**Required work:** Among the entries that follow, locate the line with "to right. |" and the line with "Twitter가 만든 Snowflake". Output those lines and all lines in between, exactly, minus the pictures.

------ Listed records

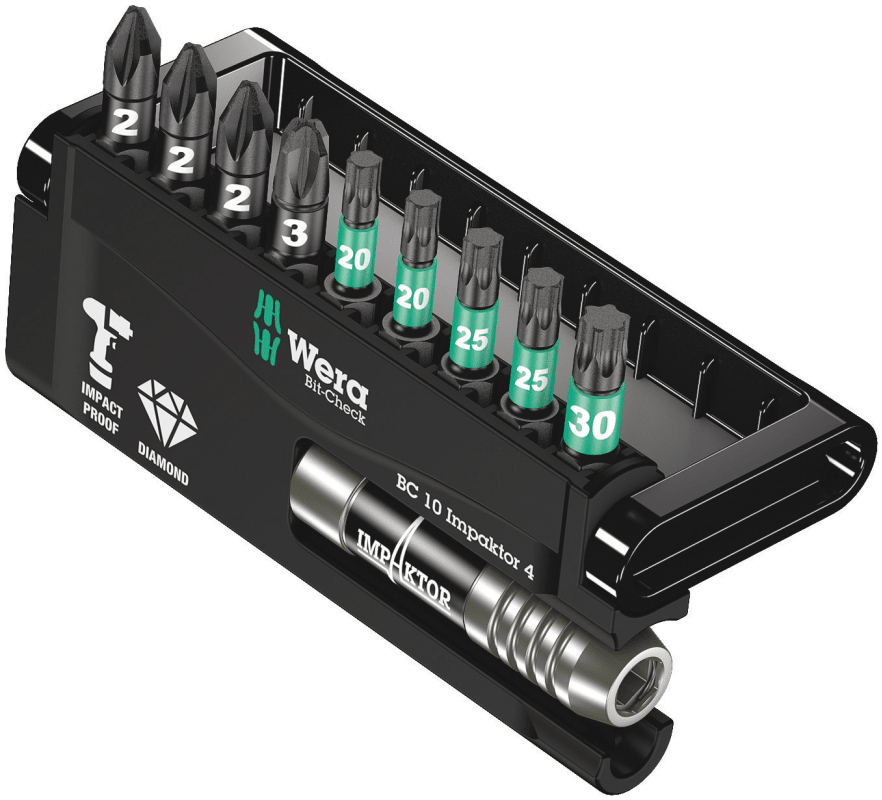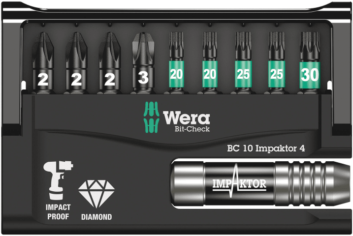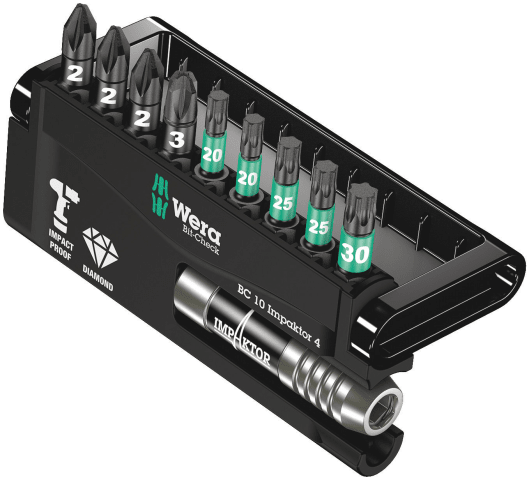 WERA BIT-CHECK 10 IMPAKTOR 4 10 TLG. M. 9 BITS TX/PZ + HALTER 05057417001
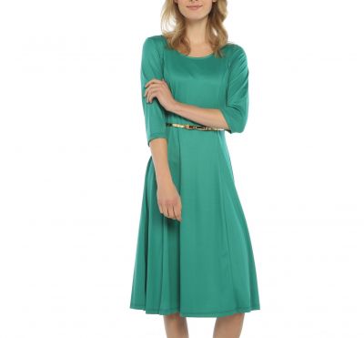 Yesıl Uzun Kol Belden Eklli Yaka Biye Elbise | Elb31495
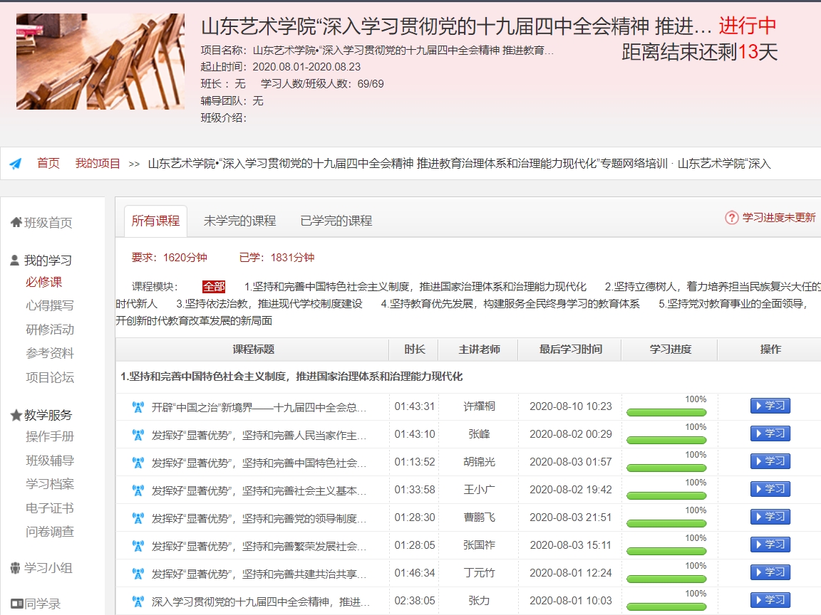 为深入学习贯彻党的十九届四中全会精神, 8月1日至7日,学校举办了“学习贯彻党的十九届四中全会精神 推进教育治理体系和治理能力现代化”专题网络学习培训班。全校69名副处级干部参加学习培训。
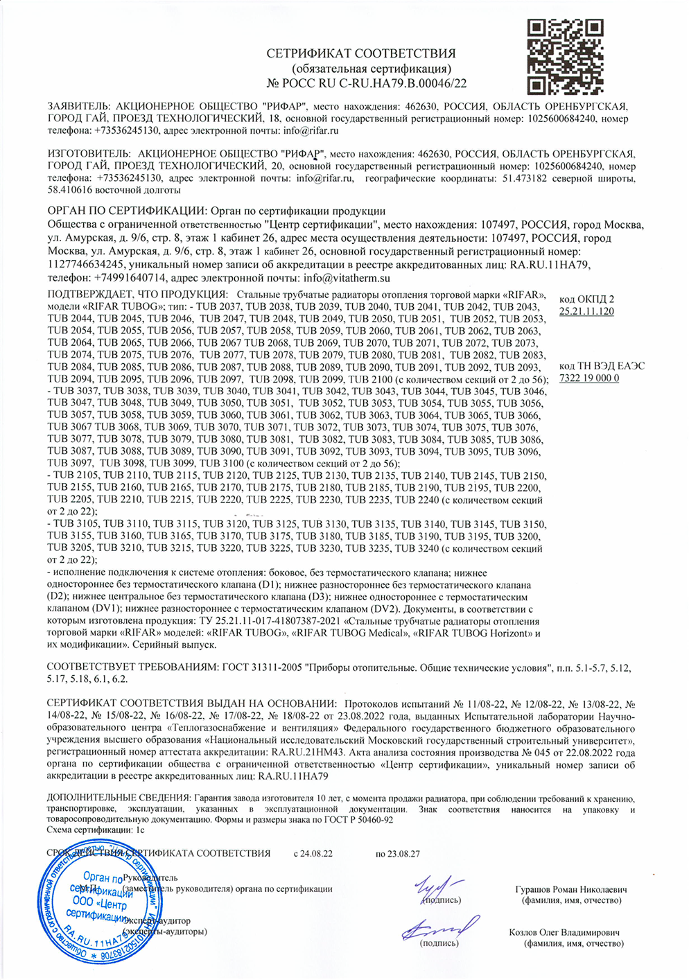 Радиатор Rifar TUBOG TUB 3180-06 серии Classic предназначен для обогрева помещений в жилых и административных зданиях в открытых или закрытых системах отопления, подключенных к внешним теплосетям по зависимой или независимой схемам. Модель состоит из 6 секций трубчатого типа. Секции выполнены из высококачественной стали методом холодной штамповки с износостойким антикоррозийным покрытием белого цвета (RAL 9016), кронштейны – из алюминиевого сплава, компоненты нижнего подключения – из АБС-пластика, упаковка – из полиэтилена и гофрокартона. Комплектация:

------------
------ Listed records

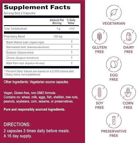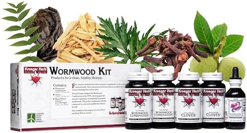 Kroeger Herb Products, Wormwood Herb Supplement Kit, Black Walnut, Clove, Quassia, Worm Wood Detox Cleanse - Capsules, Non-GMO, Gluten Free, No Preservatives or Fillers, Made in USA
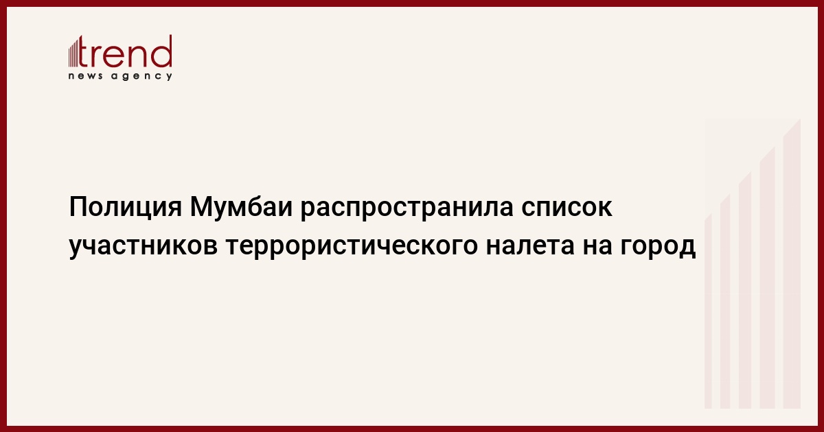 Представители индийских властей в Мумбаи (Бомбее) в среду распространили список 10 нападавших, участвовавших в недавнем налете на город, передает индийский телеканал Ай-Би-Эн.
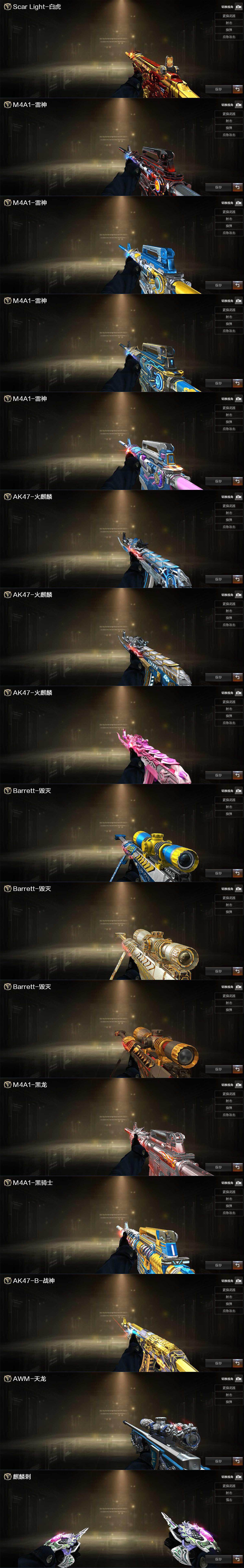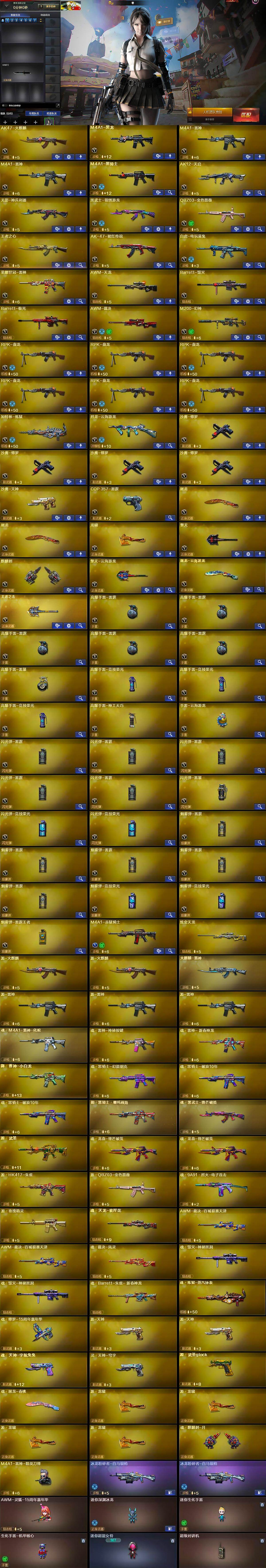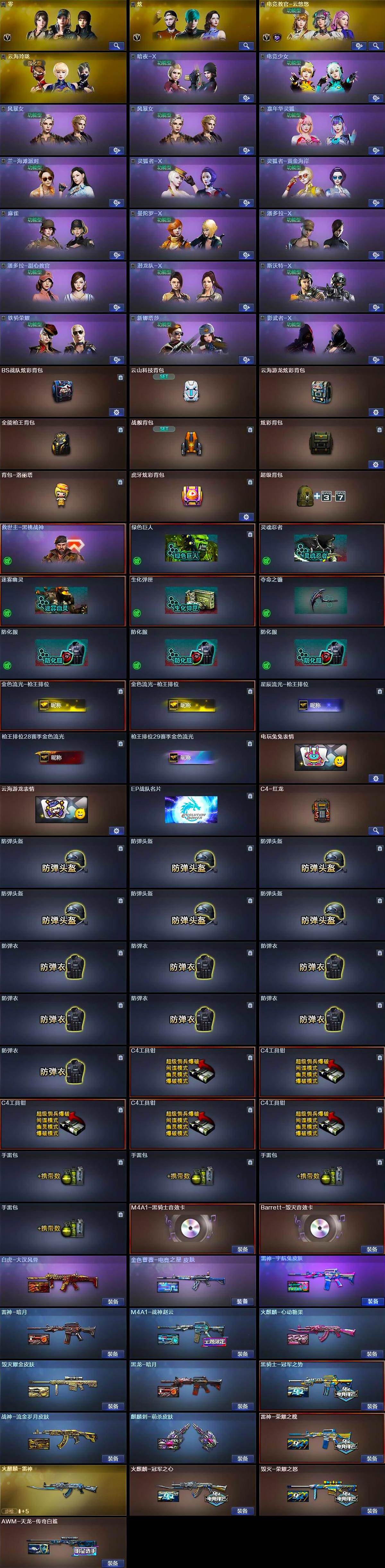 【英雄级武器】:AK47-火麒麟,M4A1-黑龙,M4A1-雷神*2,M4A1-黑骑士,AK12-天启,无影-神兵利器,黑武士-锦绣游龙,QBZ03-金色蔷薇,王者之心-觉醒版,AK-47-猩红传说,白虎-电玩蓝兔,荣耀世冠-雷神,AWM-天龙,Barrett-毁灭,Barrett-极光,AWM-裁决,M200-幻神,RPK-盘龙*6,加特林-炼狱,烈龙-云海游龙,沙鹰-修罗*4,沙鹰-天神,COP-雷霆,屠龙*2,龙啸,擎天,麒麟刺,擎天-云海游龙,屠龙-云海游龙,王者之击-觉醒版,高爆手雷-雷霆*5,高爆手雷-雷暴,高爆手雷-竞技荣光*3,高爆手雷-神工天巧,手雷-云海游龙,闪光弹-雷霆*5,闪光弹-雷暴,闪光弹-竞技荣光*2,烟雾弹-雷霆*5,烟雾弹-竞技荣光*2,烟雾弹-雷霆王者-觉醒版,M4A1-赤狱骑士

------------
------ Listed records

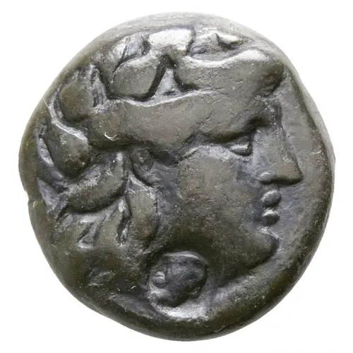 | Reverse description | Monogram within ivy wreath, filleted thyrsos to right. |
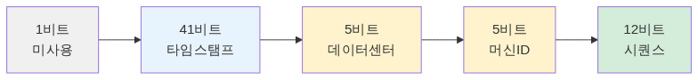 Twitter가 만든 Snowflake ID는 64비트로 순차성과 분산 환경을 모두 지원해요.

------------

**Answer to this problem:**
 | Reverse description | Monogram within ivy wreath, filleted thyrsos to right. |
 Twitter가 만든 Snowflake ID는 64비트로 순차성과 분산 환경을 모두 지원해요.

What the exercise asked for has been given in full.